4.      Tahap Klimaks
Aziz meminta Zainuddin untuk menikah dengan Hayati. Walaupun Zainuddin masih mencintai Hayati, namun karena rasa sakit  hati yang mendalam, akhirnya Zainuddin menolak permintaan tersebut dan memutuskan memulangkan Hayati ke kampung halaman menggunakan Kapal Van Der Wijck. Uraian tersebut dapat dilihat dalam kutipan berikut:
“…Bila terjadi akan itu, terus dia berkata: “Tidak Hayati! Kau mesti pulang kembali ke Padang! Biarkan saya dalam keadaan begini. Pulanglah ke Minangkabau! Janganlah hendak ditumpang hidup saya, orang tak tentu asal… Negeri Minangkabau beradat!... Besok hari Senin, ada kapal berangkat dari Surabaya ke Tanjung Priuk, akan terus ke Padang!

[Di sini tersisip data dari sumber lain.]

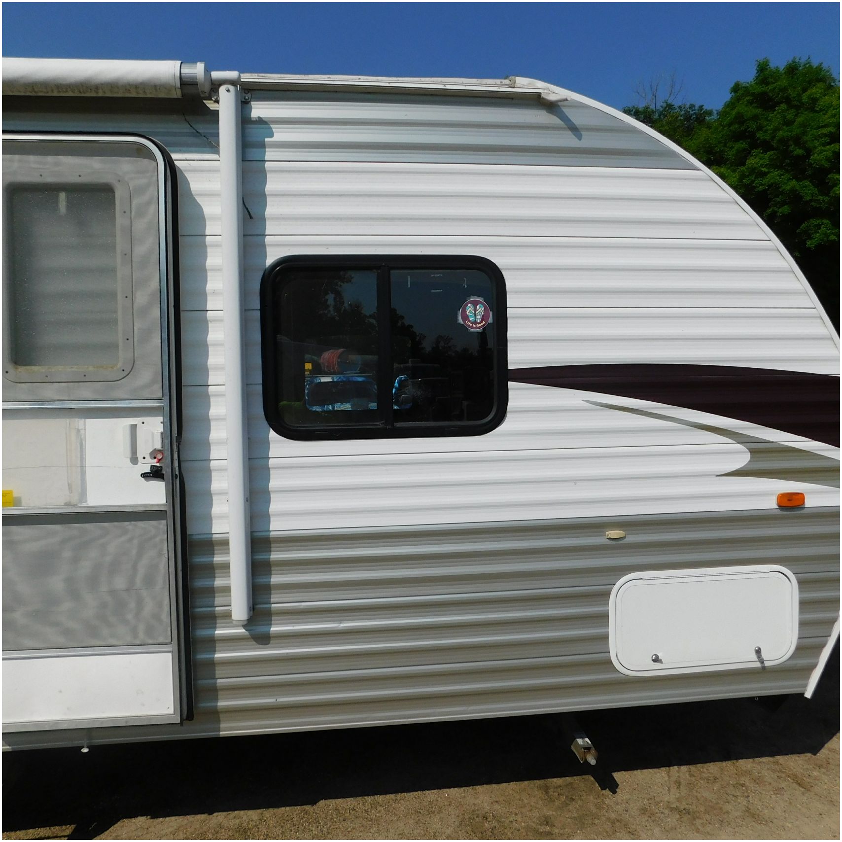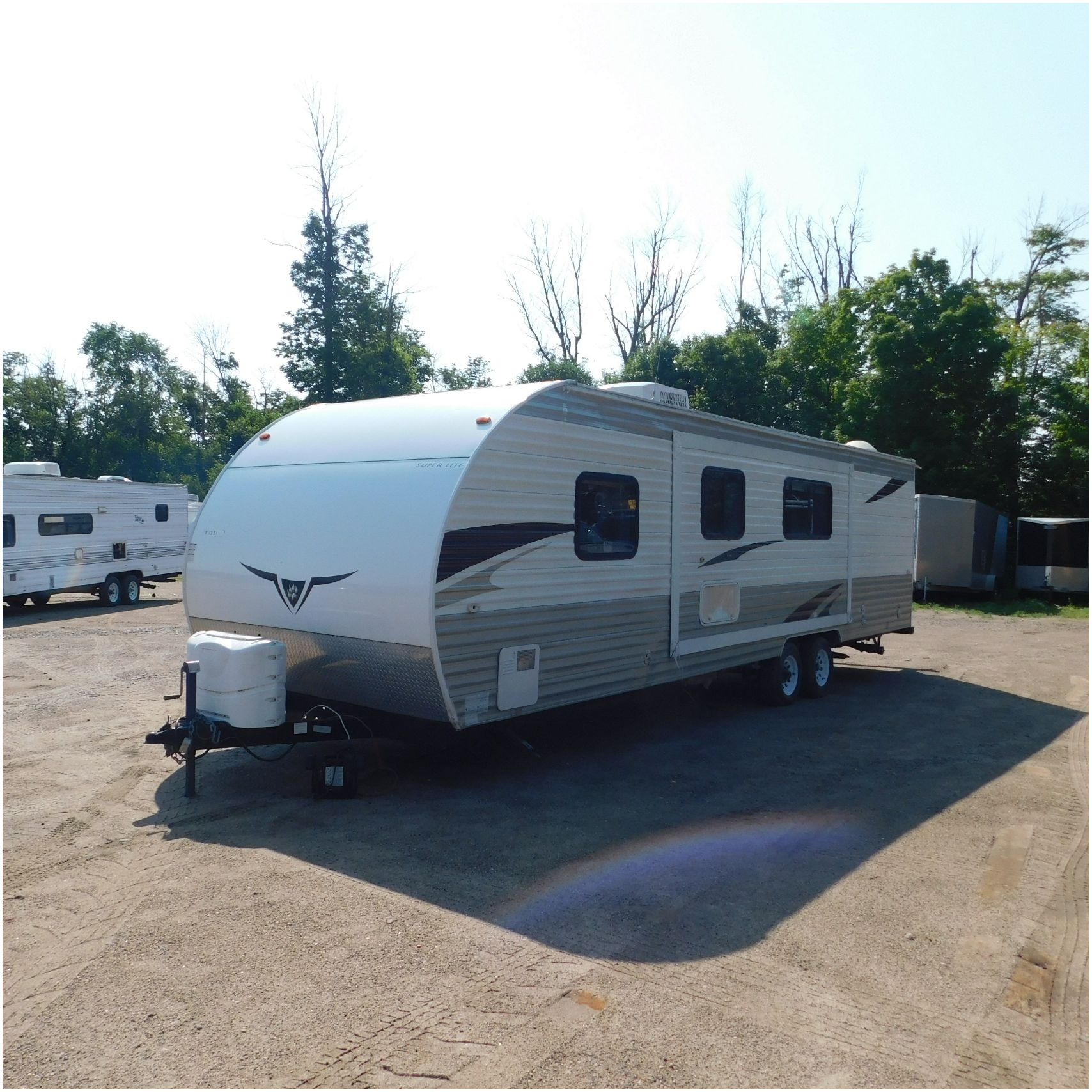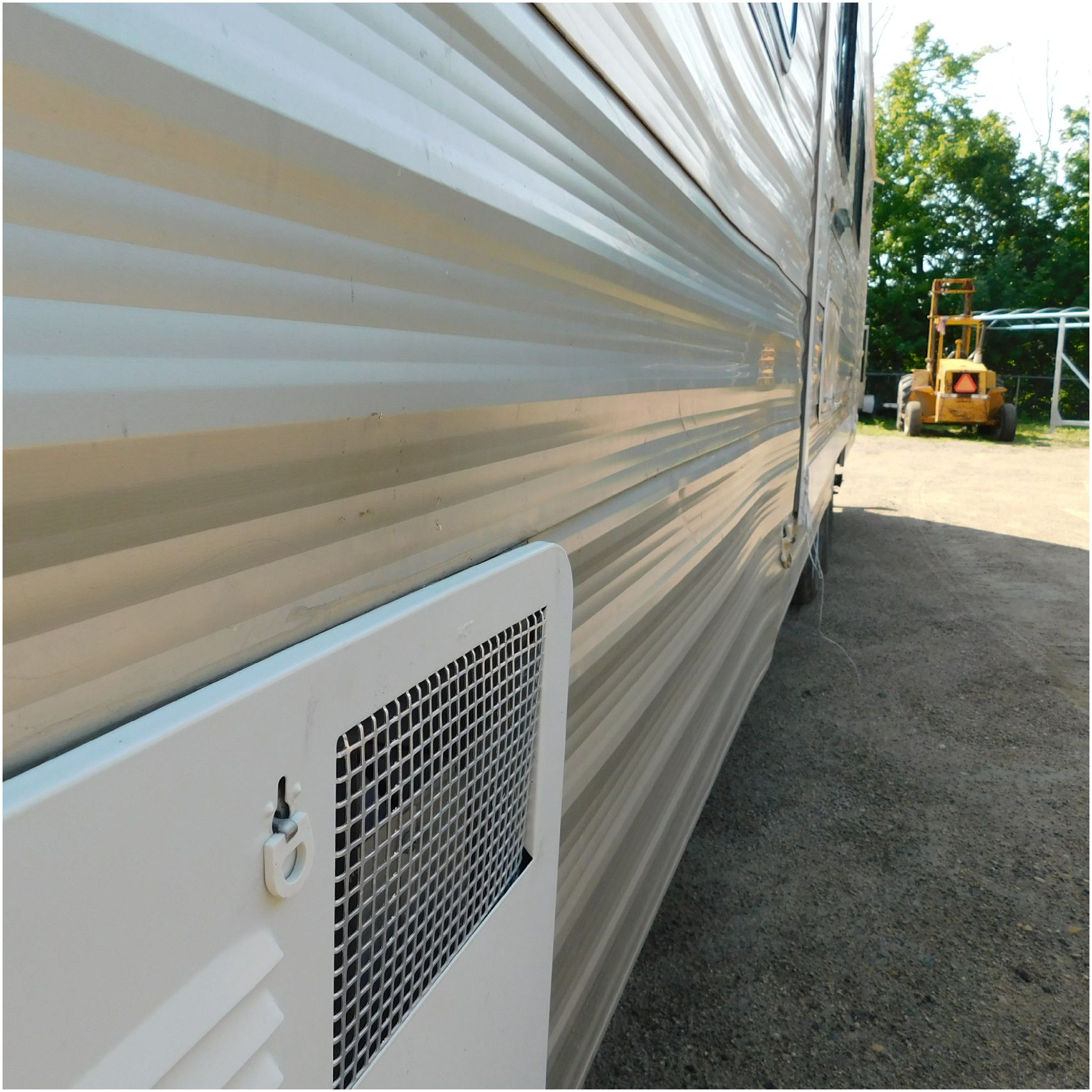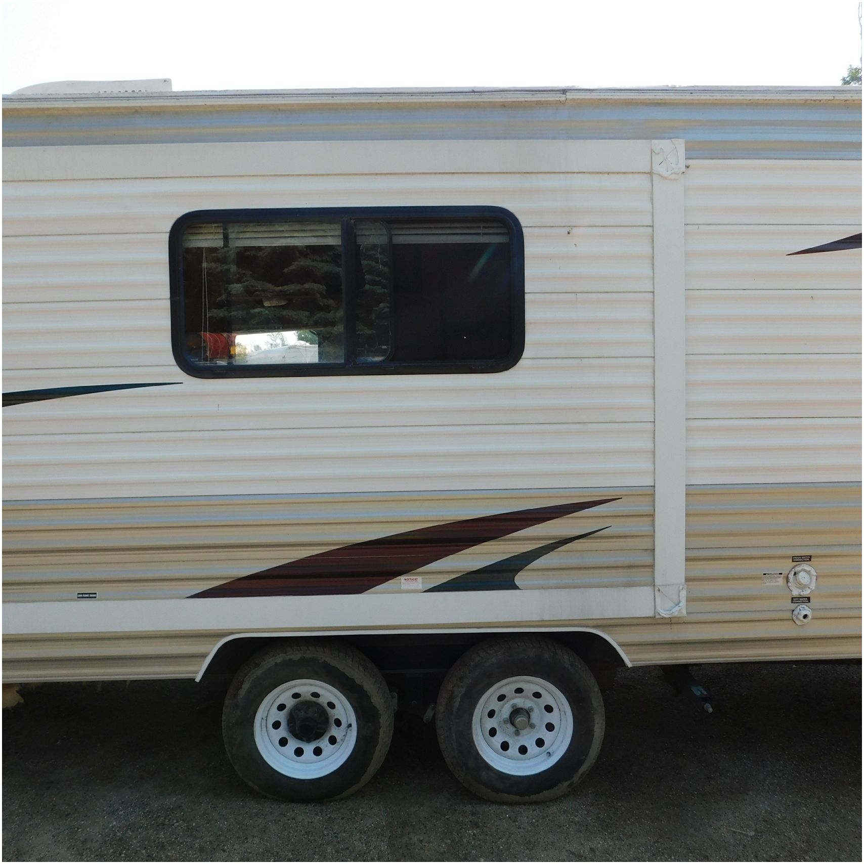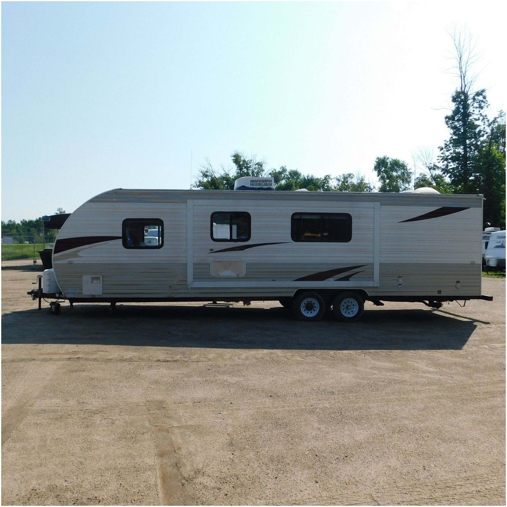 2011 Cherokee 28BHG. This camper comes to us due heat warping damage. A camper next to this one started on fire and the heat from the other camper warped and melted the camper. The front of the camper has a couple dents toward the top but is in nice shape. The driver side slide out does not work. We are thinking some electrical issues due to the heat. The siding is really rippling and it appears as the whole side is out of whack and wavy. A few of the vents and outlets are melted. The middle window is shattered. The rear is weathered some but mainly in ok shape. The passenger side awing does not work and the siding has a couple scuffs. The roof has a few patches. The inside front room appears as it should. The kitchen/living area feels like it was abused and used. The wall all around have some peeling and chipping. The bathroom and rear bunk room appears as it should.

Kau boleh menumpang dengan kapal itu ke kampungmu. …” (Halaman 187)
”Di pagina pertama, dengan huruf yang besar-besar telah bertemu perkabaran “KAPAL VAN DER WIJCK TENGGELAM”. Dia terhenyak di tempat duduknya, badannya bergetar, dan perkabaran itu dibacanya terus.” KAPAL VSN DER WIJCK TENGGELAM” dari detik ke detik kapal itu semakin hilang ke dalam dasar lautan.” Halaman 201.



5.      Tahap Penyelesaian
“ oleh seorang juru rawat ditunjukanlah sebuah ranjang, yang disana sedang terbaring seorang perempuan muda yang mukanya telah pucat. Hayati! Kepalanya penuh dengan perban dan kakinya pun demikian pula… masih bernafas” Halaman 204
“Muluk tegak dengan tenang melihat perempuan muda itu melepaskan hidupnya yang penghabisan. Zainuddin bingung dan melihat ke wajah Muluk…Zainuddin tidak dapat menahan hatinya lagi, didekatinya kepala mayat itu, dibarutnya rambut yang bergelung, air matanya membasahi pipi si mayat, ia meniarap laksana seorang budak mencium tangan penghulunya beberapa saat lamanya,…tubuh Zainuddin kian lama kian lemah, dada sesak, pikiran selalu duka dan sesal yang tiada karang…Muluk bercerita,”tidak ku sangka-sangka guruku, sahabatku dan orang yang paling  kucinta itu akan selekas itu meninggalkan saya. …Tengah hari kemarin mayatnya telah dikuburkan didekat kuburan Hayati, orang yang dicintainya itu. …” (Halaman 212)

III. Tokoh dan Penokohan:
1. Zainuddin
Penokohan:
1. Seorang pemuda yang baik hati, Bukti: “Zainuddin seorang yang terdidik lemah lembut, didikan ahli seni, ahli sya’ir, yang lebih suka mengalah untuk kepentingan orang lain”. Halaman 27
2. Dermawan, bukti “…wang itu mesti mamak perniagakan sebagai biasa. Yang akan saya bawa hanyalah sekedar ongkos kapal ke Padang. Perniagakan wang itu, ambil untungnya tiap-tiap bulan buat belanja mamak…” halaman 23
3. Alim, “… Hayati! apa yang kulihat kemarin? mengapa telah berubah pakaianmu, telah berubah gayamu? Mana baju kurungmu? Bukankah adinda orang dusun! Saya bukan mencela bentuk pakaian orang kini, yang saya cela ialah cara yang telah berlebih-lebihan, dibungkus perbuatan ‘terlalu’ dengan nama ‘mode’. Kemarin, Adinda pakai baju yang sejarang-jarangnya, hampir separoh dada Adinda kelihatan, sempit pula gunting lengannya, dan pakaian itu dibawa ketengah-tengah ramai. Kakanda percaya, bahwa yang demikian bukan kehendak Hayati yang sejati, Hayati hanya terturut kepada kehendak perempuan zaman kini, padahal kemajuan jauh dari itu. Apakah tujuan kemajuan itu kepada perubahan pakaian sampai begitu, Hayati?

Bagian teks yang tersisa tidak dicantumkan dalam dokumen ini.